The Collective Redress Directive – EU class actions on the horizon?

The new EU Directive on representative actions for the protection of the collective interests of consumers (the “Directive”) requires EU member states to put in place procedures by which qualified entities are able to bring representative actions to seek injunctions, damages and other redress on behalf of consumers. Although the member states have two years to implement the Directive and a further six months to apply the new provisions, companies active in Europe are advised to familiarise themselves with the upcoming changes to minimise potential risks.

Implementation of the Directive

The approach to collective redress is not consistent across the member states of the EU. Some European jurisdictions do not yet have any collective redress instruments in place, while others have developed specific but limited procedures against the background of their own legal traditions. When implementing the Directive, member states may try to take account of local particularities and customs, which could lead to a confusing thicket of regulations across the EU. The Directive grants member states room to manoeuvre in some areas and strict guidelines in others:

  • The representative actions envisaged under the draft Directive are in principle limited in scope: the infringement for which representative proceedings may be brought must relate to a wide but limited set of European Directives and Regulations on consumer protection as set out in Annex I to the Directive. However, the member states are free to apply the provisions of the Directive to additional areas, which could create significant additional risks for companies.
  • Under the Directive, the EU member states are obliged to make at least one representative action procedure available to consumers. Qualified entities must be able to obtain (i) injunctive relief and (ii) redress (including compensation, repair, replacement, price reduction, contract termination or reimbursement, but not punitive damages).
  • As collective damages actions are unknown in some EU jurisdictions (e.g. Germany), the Directive includes safeguard measures to prevent abuse. One of these measures is to limit the right of action to qualified entities that have been designated by a member state. For cross-border cases, these entities must comply with certain criteria that are listed in the Directive. For domestic actions, member states are entitled to set out criteria that must only “be consistent” with the objectives of the Directive. Member states enjoy a considerable degree of discretion in this regard and may even designate a qualified entity on an ad hoc basis for the purpose of bringing a particular domestic action.
  • During the legislative process, it was discussed at some length whether consumers must actively join the collective action (“opt-in”) or whether a qualified entity can sue on behalf of all consumers who do not explicitly decline to take part (“opt-out”).
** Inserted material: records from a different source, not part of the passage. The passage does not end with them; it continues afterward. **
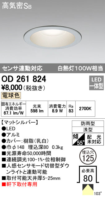 ODELIC ¥ª¡¼¥Ç¥ê¥Ã¥¯ LED ¥¨¥¯¥¹¥Æ¥ê¥¢¥é¥¤¥È OD261824
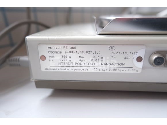 Digitale Weegschaal Merk: Mettler Model: PM360 Spanning: 230V Mono Status: Functioneel op Inventarisatiedag
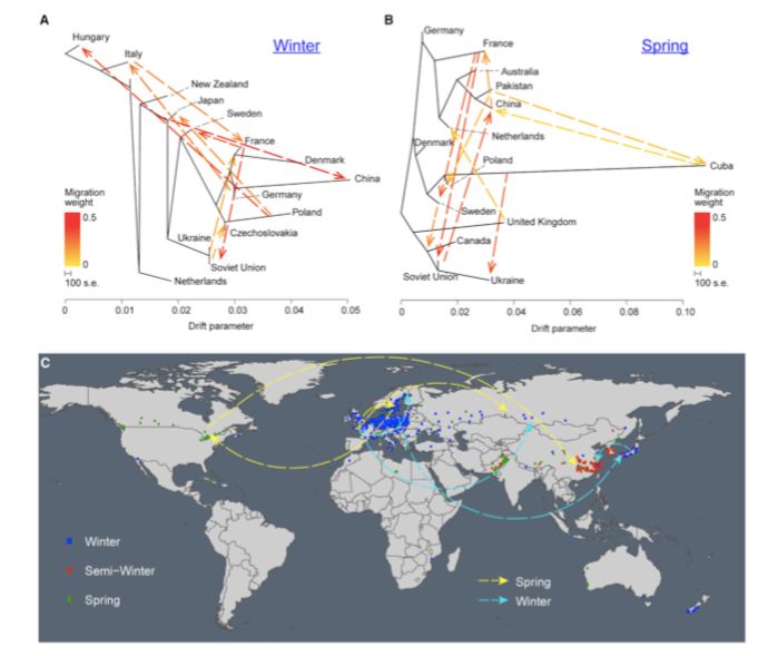 進一步計算世界地圖上顯著的基因流數目之后,在冬型和春型油菜中發現了四個主要基因流(圖2C)。冬型油菜的基因流從法國到俄羅斯(weight=0.5)、法國到瑞典(weight==0.3)、波蘭到日本(weight==0.3)和日本到中國(weight==0.3),而春型油菜的基因流從法國到俄羅斯(weight==0.5)、法國到瑞典。經德國(weight=0.4),瑞典到加拿大(weight=0.2),加拿大到中國(weight=0.5)。沒有顯著的生態型漂移事件(inter-ecotype drift events)(圖2 A、B)。
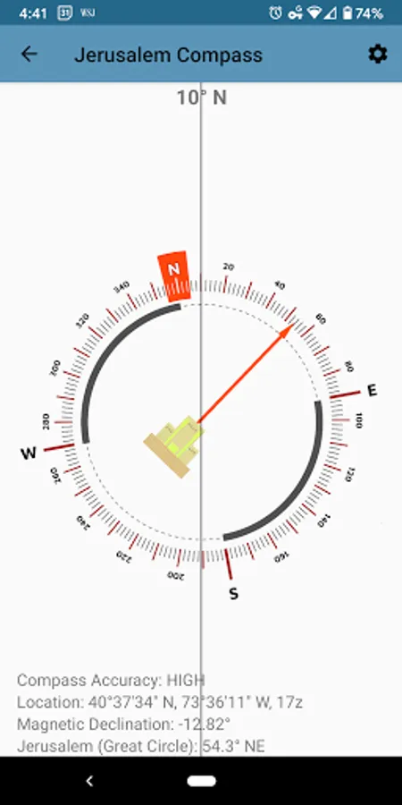 A Halachic Compass let's you know which way to face. It supports Great Circle (geodesic), Rhumb Line (Loxodrome), and Due East methods. It uses your location to properly account for magnetic declination (which could otherwise cause a compass to point up to 30 degrees off).
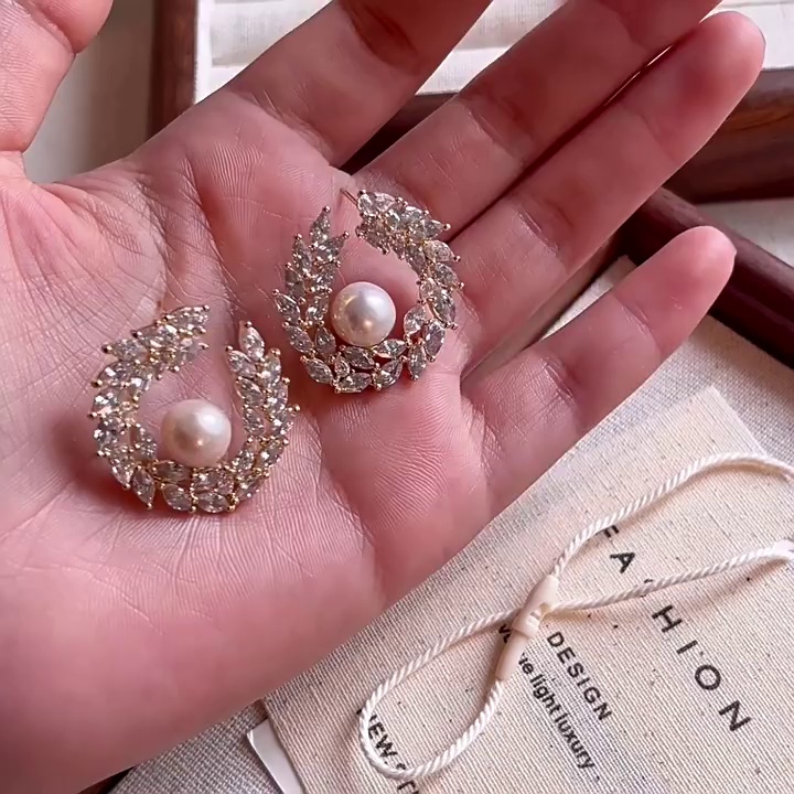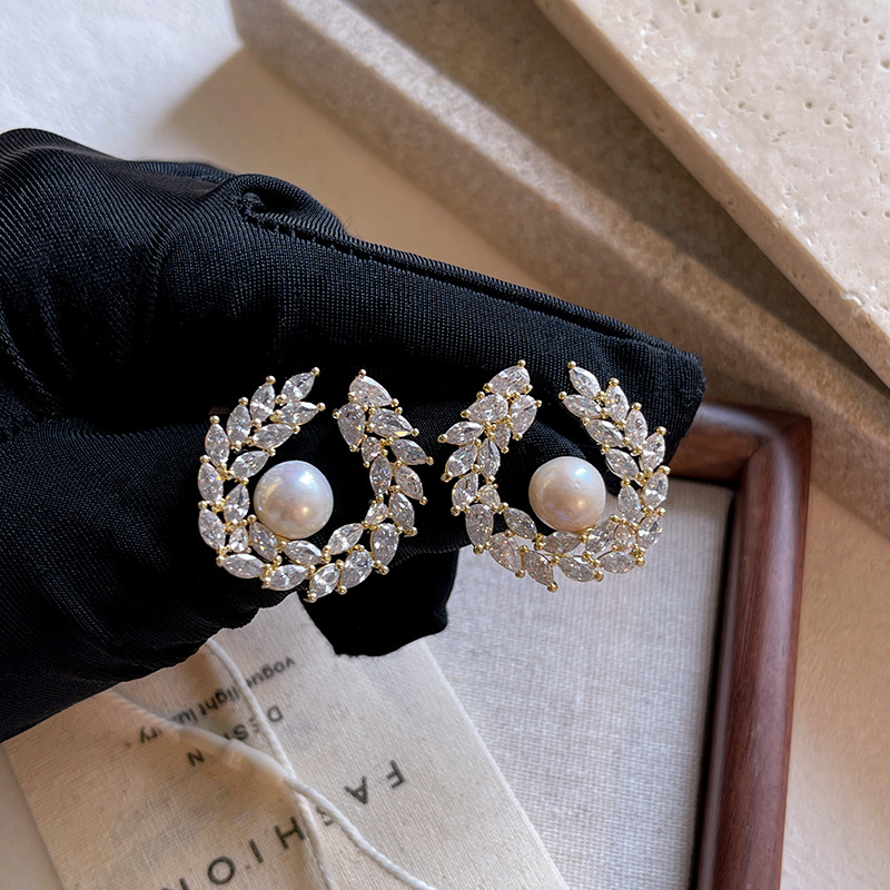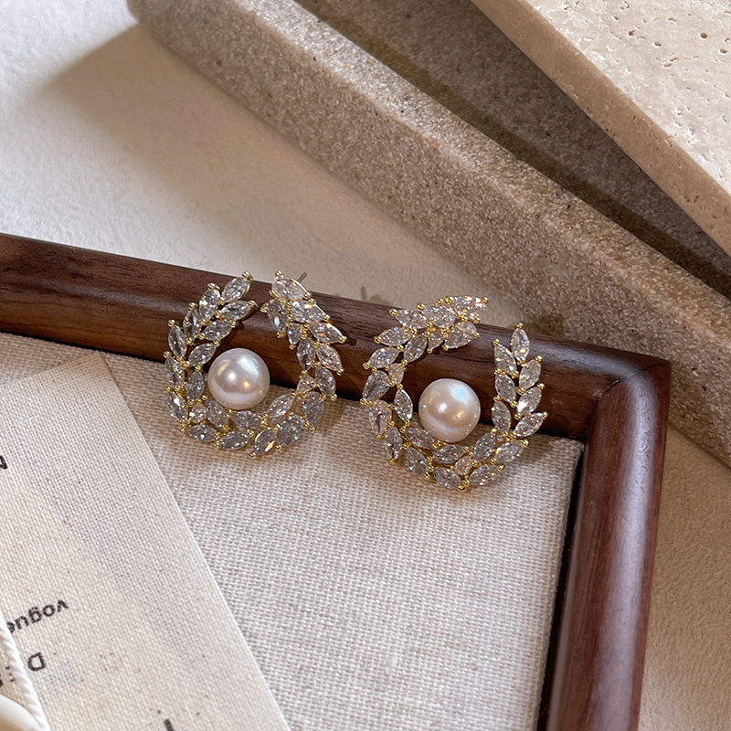 饰品真金电镀5A级锆石麦穗耳环S925纯银针玻璃珍珠耳钉网红耳饰品

The final text adopted both approaches. Under the Directive, individual consumers shall not be required to expressly agree to be represented by the qualified entity in a claim seeking an injunction. Where substantive redress is sought in a cross-border case, individual parties will always be obliged to opt in. In purely national proceedings, however, the decision is left to the member state, which may also decide to require the participation of a minimum number of consumers before permitting the claim to proceed.
  • As outlined in our more comprehensive overview, the Directive also includes provisions on the effect of collective actions on individual claims and parallel proceedings, disclosure, the allocation of costs, third party funding and settlements, which give member states room to manoeuvre.
  • There is only limited, if any, guidance on procedural aspects such as admissibility, evidence and means of appeal.
Pitfalls for companies

For companies, how the Directive is ultimately implemented will be crucial:

  • First, companies should check whether the member states in which they are active have extended the implementation of the Directive to areas not listed in the Directive (e.g., competition law, which is currently outside the list in Annex 1). Such gold-plating could pose significant additional risks.
  • Second, if certain member states opt for more consumer-friendly legislation than others (e.g. in relation to the consumer quorum, limitation periods or opt-out mechanisms), qualified entities may launch their representative actions in these jurisdictions. They may very well also choose jurisdictions that have procedural advantages from their point of view (e.g. in relation to admissibility requirements or disclosure) and/or lower thresholds for classifying as a qualified entity. The Directive does not prevent or regulate such forum shopping. It is thus important for companies to monitor the legislation in all relevant member states instead of focussing on the larger ones or the “usual suspects”.
  • Third, it is unclear whether parallel proceedings in a number of member states can be avoided. Effective litigation management will therefore require a strategic and coordinated approach across jurisdictions.

Generally, while member states have some leeway in how they implement the Directive and the risks for companies could differ accordingly, the litigious landscape in Europe will undoubtedly change significantly. It is to be expected that the Directive will lead to an increase of collective actions in the EU. We will be monitoring the implementation process closely and will continue to update you on progress at national level as well as cross-jurisdictional issues, as they arise.